**Dataset excerpt:**
[Start of Attachment]

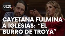 El punto y final a la enésima bronca en la sesión de control del Congreso de los Diputados de este miércoles ha venido a cuenta de un combativo discurso de Cayetana Álvarez de Toledo dirigido al vicepresidente segundo, Pablo Iglesias, al que entre otros apelativos ha acusado de ser el «embajador de ETA en el Gobierno de España» y «el burro de Troya de la democracia». Así ha contestado Iglesias.
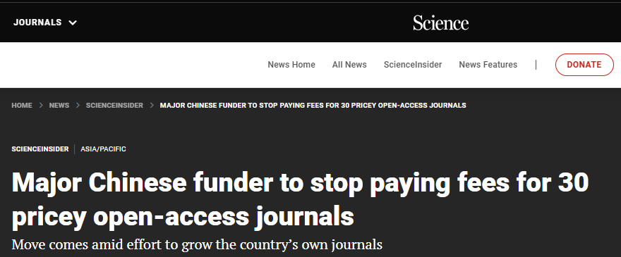 CAS … plans to stop paying to publish their papers in dozens of international free-to-read journals it regards as too expensive … include Nature Communications, Cell Reports, and Science Advances … expected to take effect on 1 March.
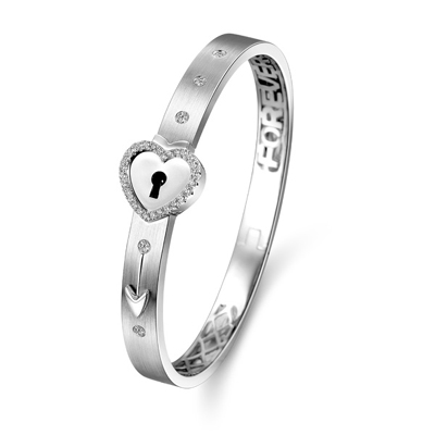 18K金钻石手镯更配有别出心裁的小锁开关结构设计,必须以18K金钻石吊坠上的钥匙方能打开,象征恋人的两颗心紧紧相扣,将那份浓情蜜意幻化成爱的盟誓,让爱情时刻保持历久常新。

[End of Attachment]

**Exercise objective:** Pictures stay out. Write out everything else in the material exactly.

**Expected answer:**
 El punto y final a la enésima bronca en la sesión de control del Congreso de los Diputados de este miércoles ha venido a cuenta de un combativo discurso de Cayetana Álvarez de Toledo dirigido al vicepresidente segundo, Pablo Iglesias, al que entre otros apelativos ha acusado de ser el «embajador de ETA en el Gobierno de España» y «el burro de Troya de la democracia». Así ha contestado Iglesias.
 CAS … plans to stop paying to publish their papers in dozens of international free-to-read journals it regards as too expensive … include Nature Communications, Cell Reports, and Science Advances … expected to take effect on 1 March.
 18K金钻石手镯更配有别出心裁的小锁开关结构设计,必须以18K金钻石吊坠上的钥匙方能打开,象征恋人的两颗心紧紧相扣,将那份浓情蜜意幻化成爱的盟誓,让爱情时刻保持历久常新。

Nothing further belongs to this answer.